The issue of republication and rights is covered when we look at Creative Commons licensing and its use of RDF/XML in Chapter 14.

The Dublin Core RSS module is an RSS-standardized version of the Dublin Core RDF (discussed in Chapter 6). The RSS namespace for this module is xmlns:dc="http://purl.org/dc/elements/1.1/". Though made available as part of the RSS specification, the elements as described in Chapter 6 are no different here, so I won't repeat the list. An example of their use with RSS can be seen in the RSS associated with my weblog feed:

<item rdf:about="http://weblog.burningbird.net/archives/000479.php">
<title>Today is for Working</title>
<description>
The best part of getting up early is watching the sun rise. 
Today is for working, it is. Today is for nose down and 
finishing tasks and making milestones. I've marked out in my mind tasks 
to accomplish with each...
</description>
<link>http://weblog.burningbird.net/archives/000479.php</link>
<dc:subject>Life in General</dc:subject>
<dc:creator>shelley</dc:creator>
<dc:date>2002-08-26T05:13:03-06:00</dc:date>
</item>

The Dublin Core elements are also used in my Favorite Books application, described in Section 13.8.

Currently the Dublin Core elements usually contain CDATA values (i.e., string literals), but the data type definition for the elements is all PCDATA. The Working Group is looking at the possibility of merging the use of Dublin Core RSS elements with that of the Taxonomy module (discussed in the next section).

The Dublin Core elements are fully defined in the document, "Dublin Core Element Set, Version 1.1" located at http://dublincore.org/documents/1999/07/02/dces/.

13.5.2 Extended Modules

Several extended RSS modules describe information that ranges from discussion threads to companies to email and taxonomies. At the time of this writing, the only modules that have been accepted as standard are those just described: the core modules Syndication, Content, and Dublin Core.
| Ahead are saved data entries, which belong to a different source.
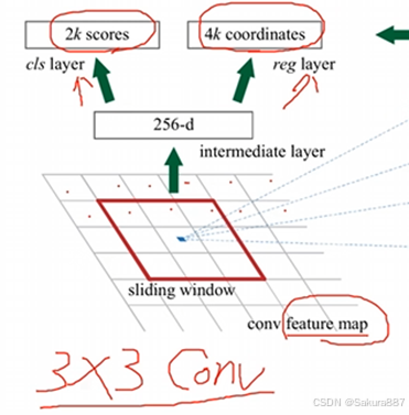 (1)过程:定义卷积核与特征图做卷积,计算出滑动窗口中心点对应到原图上的中心点,在原图上生成k个anchor,得到2k个score(每个anchor的背景概率和前景概率,不是哪个类别的概率)和4k个边界框回归参数(这些参数是RPN生成的)。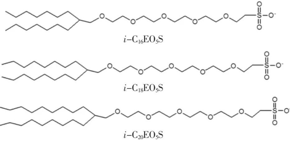 聚氧乙烯醚磺酸鹽類表面活性劑是一類具有優良性能的陰離子-非離子型表面活性劑,受到了研究者的關注。但此類表面活性劑結構與降低界面張力性能之間的關系尚有待深入研究,尤其對于親油基含有支鏈烷烴結構的聚氧乙烯醚磺酸鹽的研究成果較少.直鏈陰離子-非離子表面活性劑自身降低界面張力的能力有待提高,而支鏈化則是提高降低界面張力能力的有效手段。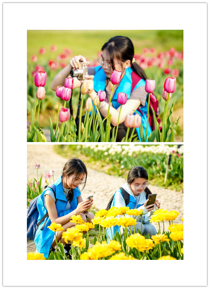 一天的旅程,學(xué)生們迎著春風(fēng)走進(jìn)天然氧吧木蘭天池,在欣賞峽谷風(fēng)光的同時觀看山水沉浸式演藝《木蘭少年志》,并在小天池、大天池等地合影留念。隨后便來到木蘭花鄉(xiāng)景區(qū),此時園中的郁金香已進(jìn)入盛花期,學(xué)生們或蹲下身子或在花道旁依次排開留下青春的倩影。當(dāng)夜幕四合,已換上漢服的學(xué)子們穿梭在木蘭不夜城古色古香的街區(qū),品小吃看表演。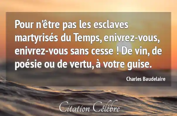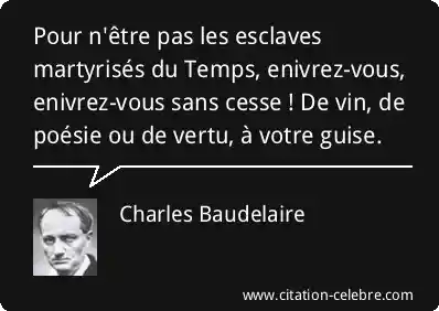 Pour n'être pas les esclaves martyrisés du Temps, enivrez-vous, enivrez-vous sans cesse ! De vin, de poésie ou de vertu, à votre guise.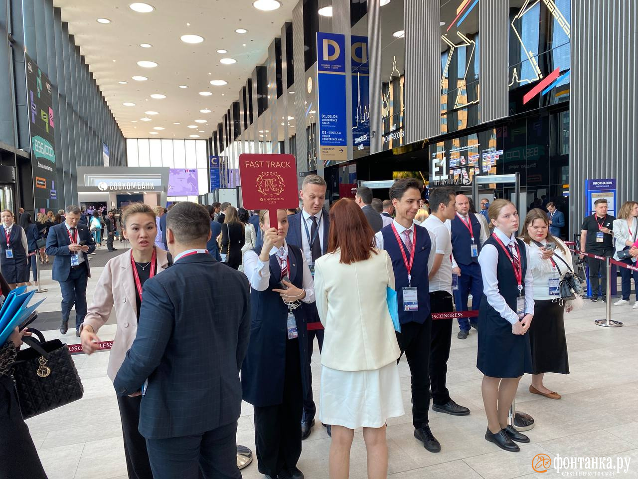 Корреспонденты «Фонтанки» сообщают, что к проходу в конгресс-холл (там будет проходить пленарка) уже выстроились внушительные очереди.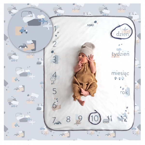 Snap the moment foto-kocyk to dwustronny kocyk, który rośnie razem z dzieckiem. Jedna strona służy do oznaczania wieku malucha, druga to tradycyjny kocyk dziecięcy. Pastelowe wzory zachwycą zarówno dziecko, jak i rodziców. Foto-kocyk® doskonale sprawdzi się jako element wyprawki noworodka, a także kocyk przedszkolaka. W zestawie znajdują się 2 sznurki do oznaczania wieku maluszka oraz limitowana foto-karta.

Approved and pending modules can be found at http://web.resource.org/rss/1.0/modules/ and as part of the dmoz Open Directory project, http://dmoz.org/Reference/Libraries/Library_and_Information_Science/Technical_Services/Cataloguing/Metadata/RDF/Applications/RSS/Specifications/RSS1.0_Modules/.

I won't list each individual module as none been accepted fully into the RSS 1.0 specification, and the list is changeable. However, before proceeding to look at the tools that work with RSS 1.0, I want to digress for a moment and talk about the concepts behind extended modules.

The idea of using modules to extend the RSS 1.0 specification, without having to modify or edit the specification directly, is a good one; new modules, such as one for slashdot.com-related data (mod_slash), mod_dcterms for Qualified Dublin Core metadata, and linking (mod_link) are based on this. By using namespaces to differentiate between the modules, one can easily add a new module without impacting on the others. However, this very simplicity is a danger in and of itself.

The whole purpose behind namespace support for RDF was to allow the combination of multiple RDF vocabularies without collision between vocabulary elements. The assumption behind this was that each vocabulary was both comprehensive and complete in its description of the business data the vocabulary defines.

However, there is a subtle difference between this original purpose for namespaces in RDF (and in XML) and their use in RSS 1.0. Rather than namespaces being seen as a way of combining rich and complete vocabularies, they're seen as a way of adding new data easily and quickly?and that's not always a good thing.

A case in point: during the discussions related to RDF/RSS (RSS 1.0) and non-RDF RSS (Userland RSS or RSS 2.0), one issue that came up was how to redirect RSS aggregators to new locations for feeds when the feeds were moved. Suggestions were made to use mod_dcterms for this purpose, but this wasn't necessarily compatible with the non-RDF RSS. Another suggestion was to create a module that contained one element for RDF RSS and one element for non-RDF RSS. This was a clear violation of both the concepts and the philosophy for namespaces within RDF (or within the larger world of XML).

The idea wasn't followed through on but does demonstrate the danger behind viewing modules as workarounds rather than complete and independent RDF vocabularies that can exist outside of the RSS 1.0 specification.